Assignment
Every entry is to be returned exactly as it stands; the pictures are to be dropped.
----------
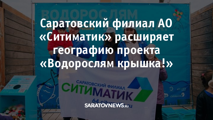 Экологический проект «Водорослям крышка!» реализуется АНО «Центр экологических решений и защиты окружающей среды «ЭКОЛОГИЗАТОР» совместно с Фондом поддержки реки Волга «ВОЛГАЖИВИ» и Ассоциацией производителей и импортеров «ЭКОПРО». Саратовский филиал АО «Ситиматик» - главный партнер акции с первого дня ее существования. В 2022 и 2023 году проект признан победителем конкурсов Фонда президентских грантов.
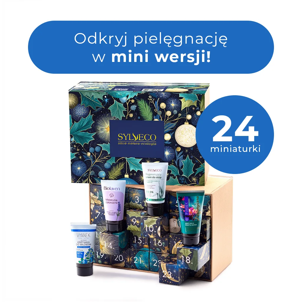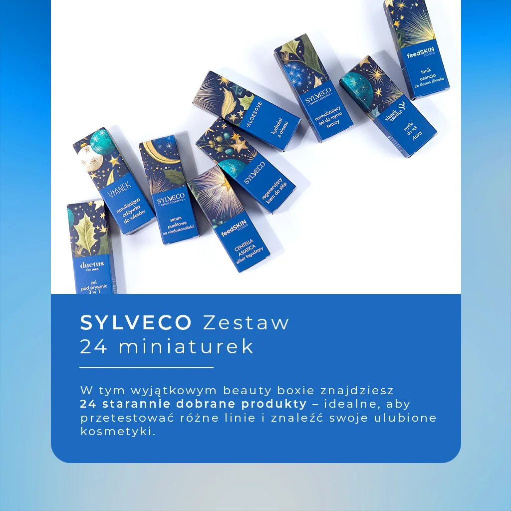Zestaw zawiera 24 mini produkty obejmujące pielęgnację twarzy, ciała oraz włosów. To przemyślana selekcja kosmetyków, która pozwala odkryć różne linie i składniki aktywne charakterystyczne dla marek Sylveco. Dzięki temu możesz sprawdzić, jak Twoja skóra reaguje na konkretne formuły i świadomie wybrać produkty najlepiej dopasowane do swoich potrzeb.
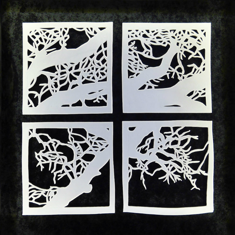 Jeg starter processen med at lave et antal kvadratiske udsnit af det udvalgte foto på min PC. Disse fotoudsnit forstørrer jeg op til den ønskede størrelse og laver så en stiliseret håndaftegning af hver af dem. Disse håndaftegninger overfører jeg nu til det udrullede porcelænspapirler.
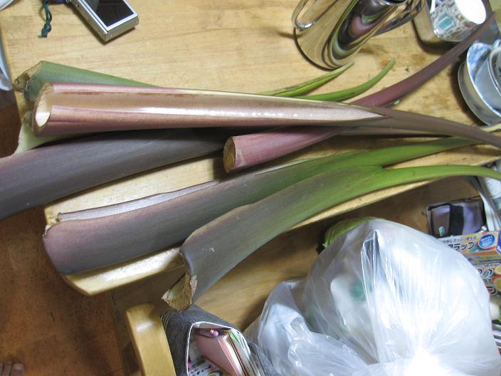 秋も深まってきました。畑の八つ頭の茎を採ってきました。皮を剥いて、ちょっと干してから食べます。環整骨院のホームページもご覧ください。
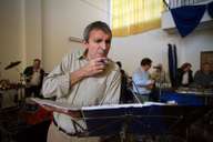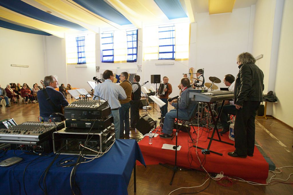 Como é habitual com este grupo, o espectáculo começou com o transporte dos múltiplos instrumentos, afinação, ligação à mesa misturadora, e testes de som. Com 13 músicos, é um processo que demora o seu tempo. Aproveitei para me esgueirar entre os músicos, conseguindo quer retratos quer fotografias em situações naturais.
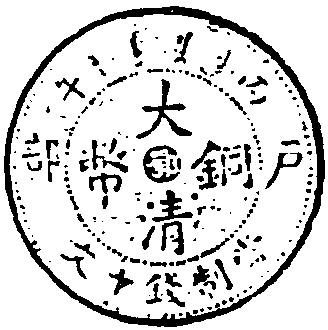 释义 | 古代名物 > 貨幣類 > 銅鐵錢部 > 清 > 大清銅幣 大清銅幣 dàqīngtóngbì 清末機製銅板。光緒三十一年(公元1905年)清廷户部始造,後各省倣效。形制基本一致,不類“光緒元寳銅元”版别之雜。正面居中“大清銅幣”四字,四周上端滿文,下端漢字作“當制錢若干”,兩旁作“户部”二字,滿文兩邊作漢字干支,表明鑄造年份。背面中作龍紋,四周英文Tai-Ching Ti-Kuo·Copper(大清帝國銅幣)及中文“光緒年造”或“宣統年造”字樣。其爲各省所造者則於正面“大清銅幣”内鎸一小字代表省名,偶有用二字者。宣統三年(公元1911年)所鑄者,另有一種式樣:“大清銅幣”在背蟠龍紋四周,正面則作嘉禾花紋,四周爲“宣統三年”及百枚换銀幣若干字樣。參見本類“銅元”。 大清銅幣 |
----------
Output of the exercise
 Экологический проект «Водорослям крышка!» реализуется АНО «Центр экологических решений и защиты окружающей среды «ЭКОЛОГИЗАТОР» совместно с Фондом поддержки реки Волга «ВОЛГАЖИВИ» и Ассоциацией производителей и импортеров «ЭКОПРО». Саратовский филиал АО «Ситиматик» - главный партнер акции с первого дня ее существования. В 2022 и 2023 году проект признан победителем конкурсов Фонда президентских грантов.
Zestaw zawiera 24 mini produkty obejmujące pielęgnację twarzy, ciała oraz włosów. To przemyślana selekcja kosmetyków, która pozwala odkryć różne linie i składniki aktywne charakterystyczne dla marek Sylveco. Dzięki temu możesz sprawdzić, jak Twoja skóra reaguje na konkretne formuły i świadomie wybrać produkty najlepiej dopasowane do swoich potrzeb.
 Jeg starter processen med at lave et antal kvadratiske udsnit af det udvalgte foto på min PC. Disse fotoudsnit forstørrer jeg op til den ønskede størrelse og laver så en stiliseret håndaftegning af hver af dem. Disse håndaftegninger overfører jeg nu til det udrullede porcelænspapirler.
 秋も深まってきました。畑の八つ頭の茎を採ってきました。皮を剥いて、ちょっと干してから食べます。環整骨院のホームページもご覧ください。
 Como é habitual com este grupo, o espectáculo começou com o transporte dos múltiplos instrumentos, afinação, ligação à mesa misturadora, e testes de som. Com 13 músicos, é um processo que demora o seu tempo. Aproveitei para me esgueirar entre os músicos, conseguindo quer retratos quer fotografias em situações naturais.
 释义 | 古代名物 > 貨幣類 > 銅鐵錢部 > 清 > 大清銅幣 大清銅幣 dàqīngtóngbì 清末機製銅板。光緒三十一年(公元1905年)清廷户部始造,後各省倣效。形制基本一致,不類“光緒元寳銅元”版别之雜。正面居中“大清銅幣”四字,四周上端滿文,下端漢字作“當制錢若干”,兩旁作“户部”二字,滿文兩邊作漢字干支,表明鑄造年份。背面中作龍紋,四周英文Tai-Ching Ti-Kuo·Copper(大清帝國銅幣)及中文“光緒年造”或“宣統年造”字樣。其爲各省所造者則於正面“大清銅幣”内鎸一小字代表省名,偶有用二字者。宣統三年(公元1911年)所鑄者,另有一種式樣:“大清銅幣”在背蟠龍紋四周,正面則作嘉禾花紋,四周爲“宣統三年”及百枚换銀幣若干字樣。參見本類“銅元”。 大清銅幣 |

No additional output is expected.